[[ Available data, beginning ]]
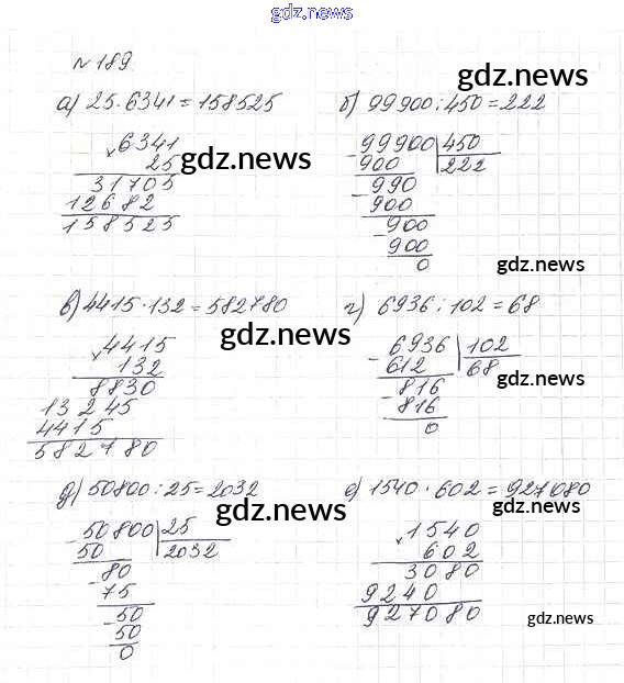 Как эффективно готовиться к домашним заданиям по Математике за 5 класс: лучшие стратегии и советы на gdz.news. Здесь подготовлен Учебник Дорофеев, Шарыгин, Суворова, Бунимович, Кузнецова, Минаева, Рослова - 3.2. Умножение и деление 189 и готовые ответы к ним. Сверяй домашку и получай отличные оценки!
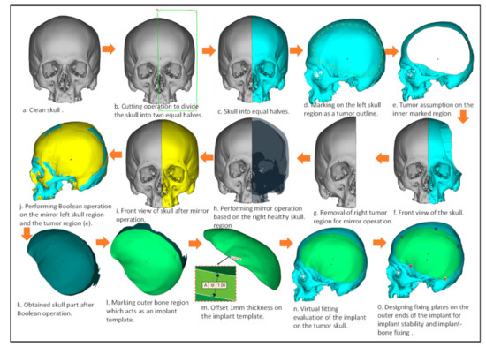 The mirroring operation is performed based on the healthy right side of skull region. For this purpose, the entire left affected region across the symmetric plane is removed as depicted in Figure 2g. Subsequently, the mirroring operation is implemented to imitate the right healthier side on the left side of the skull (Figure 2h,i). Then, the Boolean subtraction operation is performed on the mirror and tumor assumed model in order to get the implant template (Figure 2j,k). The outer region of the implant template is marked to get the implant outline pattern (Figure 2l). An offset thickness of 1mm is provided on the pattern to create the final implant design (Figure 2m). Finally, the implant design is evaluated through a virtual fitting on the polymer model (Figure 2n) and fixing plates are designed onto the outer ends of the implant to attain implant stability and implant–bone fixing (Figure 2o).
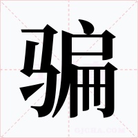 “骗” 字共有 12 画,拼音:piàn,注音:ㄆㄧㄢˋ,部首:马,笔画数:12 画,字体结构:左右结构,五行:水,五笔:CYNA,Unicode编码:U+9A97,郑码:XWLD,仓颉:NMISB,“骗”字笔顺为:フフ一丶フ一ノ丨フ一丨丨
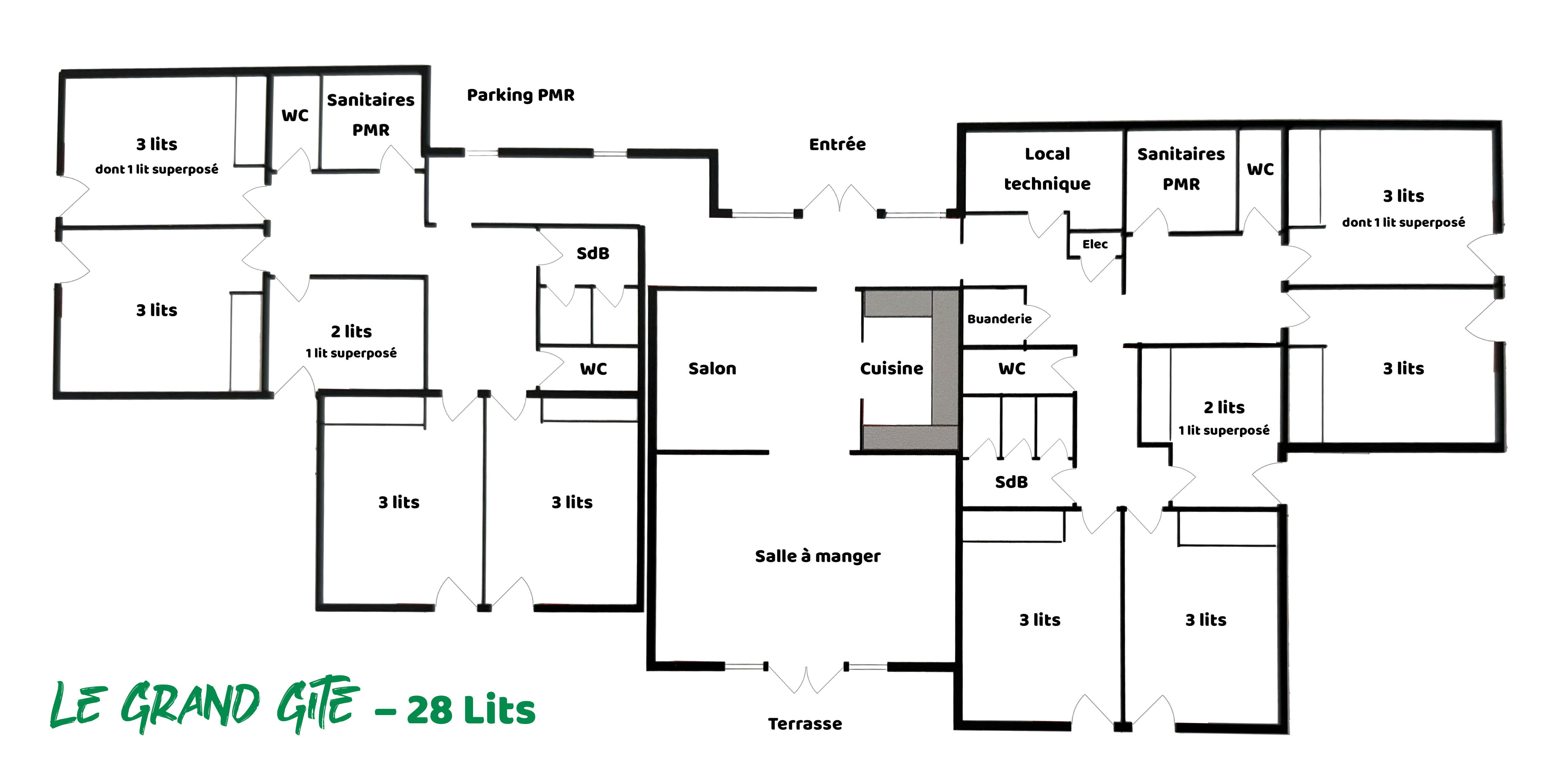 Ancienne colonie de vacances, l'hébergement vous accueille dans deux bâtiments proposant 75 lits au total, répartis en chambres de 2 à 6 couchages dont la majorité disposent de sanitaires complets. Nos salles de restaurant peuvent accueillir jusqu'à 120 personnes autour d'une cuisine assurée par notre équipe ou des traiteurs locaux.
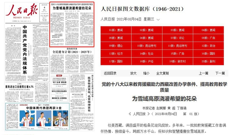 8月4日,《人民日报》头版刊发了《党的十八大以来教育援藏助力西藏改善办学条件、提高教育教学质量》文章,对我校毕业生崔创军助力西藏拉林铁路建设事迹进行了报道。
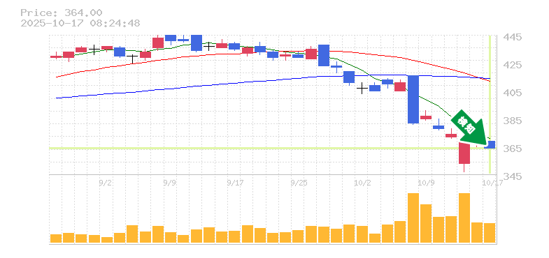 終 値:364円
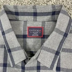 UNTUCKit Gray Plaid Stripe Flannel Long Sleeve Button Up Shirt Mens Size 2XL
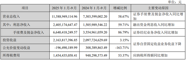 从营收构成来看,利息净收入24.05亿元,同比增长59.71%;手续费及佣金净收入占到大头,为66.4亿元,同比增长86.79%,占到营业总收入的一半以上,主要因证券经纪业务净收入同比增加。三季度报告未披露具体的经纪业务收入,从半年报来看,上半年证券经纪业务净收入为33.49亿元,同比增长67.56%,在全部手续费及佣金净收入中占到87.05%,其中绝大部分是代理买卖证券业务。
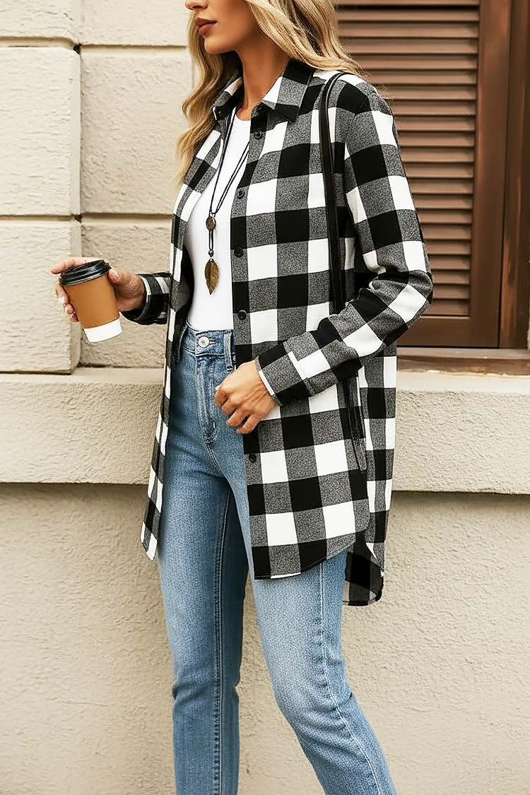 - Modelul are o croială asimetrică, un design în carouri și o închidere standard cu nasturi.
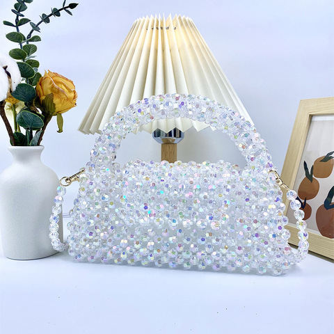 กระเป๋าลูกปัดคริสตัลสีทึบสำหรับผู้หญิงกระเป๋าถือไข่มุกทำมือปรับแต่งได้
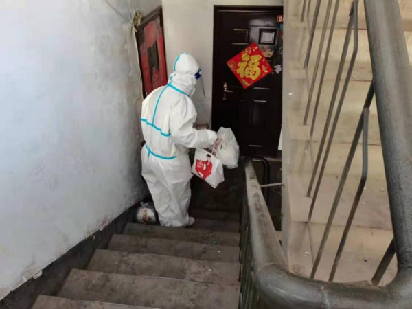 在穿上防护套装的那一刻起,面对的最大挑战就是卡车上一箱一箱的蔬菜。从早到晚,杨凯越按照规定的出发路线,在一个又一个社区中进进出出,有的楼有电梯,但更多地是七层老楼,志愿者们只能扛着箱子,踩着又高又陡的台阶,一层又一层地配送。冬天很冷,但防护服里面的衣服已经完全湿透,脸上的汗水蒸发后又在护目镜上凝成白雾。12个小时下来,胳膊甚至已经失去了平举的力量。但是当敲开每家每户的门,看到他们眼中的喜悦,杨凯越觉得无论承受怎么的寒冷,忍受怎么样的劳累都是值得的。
[[ Available data, end ]]
## Task statement
Repeat every entry above precisely, leaving each picture out.

## Solution for this problem
 Как эффективно готовиться к домашним заданиям по Математике за 5 класс: лучшие стратегии и советы на gdz.news. Здесь подготовлен Учебник Дорофеев, Шарыгин, Суворова, Бунимович, Кузнецова, Минаева, Рослова - 3.2. Умножение и деление 189 и готовые ответы к ним. Сверяй домашку и получай отличные оценки!
 The mirroring operation is performed based on the healthy right side of skull region. For this purpose, the entire left affected region across the symmetric plane is removed as depicted in Figure 2g. Subsequently, the mirroring operation is implemented to imitate the right healthier side on the left side of the skull (Figure 2h,i). Then, the Boolean subtraction operation is performed on the mirror and tumor assumed model in order to get the implant template (Figure 2j,k). The outer region of the implant template is marked to get the implant outline pattern (Figure 2l). An offset thickness of 1mm is provided on the pattern to create the final implant design (Figure 2m). Finally, the implant design is evaluated through a virtual fitting on the polymer model (Figure 2n) and fixing plates are designed onto the outer ends of the implant to attain implant stability and implant–bone fixing (Figure 2o).
 “骗” 字共有 12 画,拼音:piàn,注音:ㄆㄧㄢˋ,部首:马,笔画数:12 画,字体结构:左右结构,五行:水,五笔:CYNA,Unicode编码:U+9A97,郑码:XWLD,仓颉:NMISB,“骗”字笔顺为:フフ一丶フ一ノ丨フ一丨丨
 Ancienne colonie de vacances, l'hébergement vous accueille dans deux bâtiments proposant 75 lits au total, répartis en chambres de 2 à 6 couchages dont la majorité disposent de sanitaires complets. Nos salles de restaurant peuvent accueillir jusqu'à 120 personnes autour d'une cuisine assurée par notre équipe ou des traiteurs locaux.
 8月4日,《人民日报》头版刊发了《党的十八大以来教育援藏助力西藏改善办学条件、提高教育教学质量》文章,对我校毕业生崔创军助力西藏拉林铁路建设事迹进行了报道。
 終 値:364円
 UNTUCKit Gray Plaid Stripe Flannel Long Sleeve Button Up Shirt Mens Size 2XL
 从营收构成来看,利息净收入24.05亿元,同比增长59.71%;手续费及佣金净收入占到大头,为66.4亿元,同比增长86.79%,占到营业总收入的一半以上,主要因证券经纪业务净收入同比增加。三季度报告未披露具体的经纪业务收入,从半年报来看,上半年证券经纪业务净收入为33.49亿元,同比增长67.56%,在全部手续费及佣金净收入中占到87.05%,其中绝大部分是代理买卖证券业务。
 - Modelul are o croială asimetrică, un design în carouri și o închidere standard cu nasturi.
 กระเป๋าลูกปัดคริสตัลสีทึบสำหรับผู้หญิงกระเป๋าถือไข่มุกทำมือปรับแต่งได้
 在穿上防护套装的那一刻起,面对的最大挑战就是卡车上一箱一箱的蔬菜。从早到晚,杨凯越按照规定的出发路线,在一个又一个社区中进进出出,有的楼有电梯,但更多地是七层老楼,志愿者们只能扛着箱子,踩着又高又陡的台阶,一层又一层地配送。冬天很冷,但防护服里面的衣服已经完全湿透,脸上的汗水蒸发后又在护目镜上凝成白雾。12个小时下来,胳膊甚至已经失去了平举的力量。但是当敲开每家每户的门,看到他们眼中的喜悦,杨凯越觉得无论承受怎么的寒冷,忍受怎么样的劳累都是值得的。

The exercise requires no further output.